I am here at the Boundary Dam coal fired power plant in Saskatchewan, Canada, witnessing the historic moment when Brad Wall, Premier of Saskatchewan, throws the switch on the technology that will capture the carbon dioxide from a generating unit at a coal fired power plant. It will capture more than 90% of the carbon dioxide that would otherwise escape to the atmosphere - demonstrating to sceptics that Carbon Capture and Storage (CCS) can be deployed at scale. Several pilot scale capture facilities have operated in the past, but this is the first time carbon capture has operated on a commercial scale on a power station anywhere in the world.

The operators of Boundary Dam, SaskPower – a Canadian power utility company - developed a viable technical, environmental and economic case for investing in the carbon capture technology to transform an aging unit in a power station to one generating clean energy.

Boundary Dam will capture around one million tonnes of carbon dioxide each year – which the project has calculated is the equivalent to taking 250,000 cars off Saskatchewan roads annually.

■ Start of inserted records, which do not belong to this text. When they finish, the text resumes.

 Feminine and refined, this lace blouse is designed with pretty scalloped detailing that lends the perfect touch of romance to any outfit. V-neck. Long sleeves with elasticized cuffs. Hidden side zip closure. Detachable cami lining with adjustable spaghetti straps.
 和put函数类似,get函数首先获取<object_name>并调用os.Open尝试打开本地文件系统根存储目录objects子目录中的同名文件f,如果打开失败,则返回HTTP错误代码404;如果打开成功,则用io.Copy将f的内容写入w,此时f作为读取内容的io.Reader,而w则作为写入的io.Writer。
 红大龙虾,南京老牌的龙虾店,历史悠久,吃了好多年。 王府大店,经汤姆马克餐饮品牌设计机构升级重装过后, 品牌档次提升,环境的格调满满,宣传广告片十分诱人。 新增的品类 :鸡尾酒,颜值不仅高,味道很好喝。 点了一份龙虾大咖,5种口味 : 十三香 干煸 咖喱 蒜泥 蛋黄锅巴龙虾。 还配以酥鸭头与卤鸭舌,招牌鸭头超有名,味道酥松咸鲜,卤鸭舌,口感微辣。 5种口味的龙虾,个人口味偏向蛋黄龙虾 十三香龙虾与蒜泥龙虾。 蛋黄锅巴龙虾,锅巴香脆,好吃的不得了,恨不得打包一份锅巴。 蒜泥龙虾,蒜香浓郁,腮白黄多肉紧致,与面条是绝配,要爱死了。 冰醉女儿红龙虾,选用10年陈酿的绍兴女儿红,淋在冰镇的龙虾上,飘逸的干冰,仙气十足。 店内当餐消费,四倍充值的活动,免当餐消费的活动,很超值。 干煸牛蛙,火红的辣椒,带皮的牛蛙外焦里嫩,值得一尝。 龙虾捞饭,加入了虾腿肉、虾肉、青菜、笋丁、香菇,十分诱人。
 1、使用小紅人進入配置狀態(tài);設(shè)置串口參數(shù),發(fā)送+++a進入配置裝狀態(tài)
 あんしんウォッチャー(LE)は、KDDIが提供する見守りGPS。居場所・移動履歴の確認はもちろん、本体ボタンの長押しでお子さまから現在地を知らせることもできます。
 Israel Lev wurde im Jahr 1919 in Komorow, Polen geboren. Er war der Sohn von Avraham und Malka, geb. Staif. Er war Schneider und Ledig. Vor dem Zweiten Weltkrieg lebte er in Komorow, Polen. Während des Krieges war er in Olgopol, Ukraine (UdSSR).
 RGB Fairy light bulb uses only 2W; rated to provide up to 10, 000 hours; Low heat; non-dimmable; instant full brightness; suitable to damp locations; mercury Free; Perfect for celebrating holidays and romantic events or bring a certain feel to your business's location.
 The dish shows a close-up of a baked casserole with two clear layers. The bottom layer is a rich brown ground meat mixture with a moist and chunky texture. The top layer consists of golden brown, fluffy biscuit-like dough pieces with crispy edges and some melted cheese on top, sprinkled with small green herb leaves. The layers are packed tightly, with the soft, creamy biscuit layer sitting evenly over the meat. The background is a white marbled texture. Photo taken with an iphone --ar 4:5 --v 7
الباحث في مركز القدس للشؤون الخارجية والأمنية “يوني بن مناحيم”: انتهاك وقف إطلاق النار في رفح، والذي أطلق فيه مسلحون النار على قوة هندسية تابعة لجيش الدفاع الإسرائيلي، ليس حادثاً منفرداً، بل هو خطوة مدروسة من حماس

The captured carbon dioxide will be transported by pipeline to nearby oil fields and used for enhanced oil recovery (EOR). Any carbon dioxide not used for EOR will be permanently stored in deep underground rock formations at Aquistore, approximately 2km west of Boundary Dam.

Boundary Dam will soon be joined by other commercial scale CCS power stations - Kemper County in the US, using pulverised coal to generate clean electricity, is expected to be in operation in 2015; and Petra Nova in Texas is under construction. Our own White Rose and Peterhead projects, which are part of the Government’s £1bn commercialisation programme, are making good progress on their planning and engineering studies so that we can take final investment decisions early in 2016.

The launch of this ground-breaking CCS project is an opportune moment to reflect on how important this technology is to achieving our long term domestic and global climate change ambitions. Just last week, delegates in New York were reminded of the IPCC conclusions that without CCS, meeting our climate targets will be much more expensive and much more difficult. Power generation with CCS is no longer a pipe dream – today it is a reality.

For the UK, CCS is one part of our future low carbon mix, and could support 15,000 -30,000 jobs by 2030.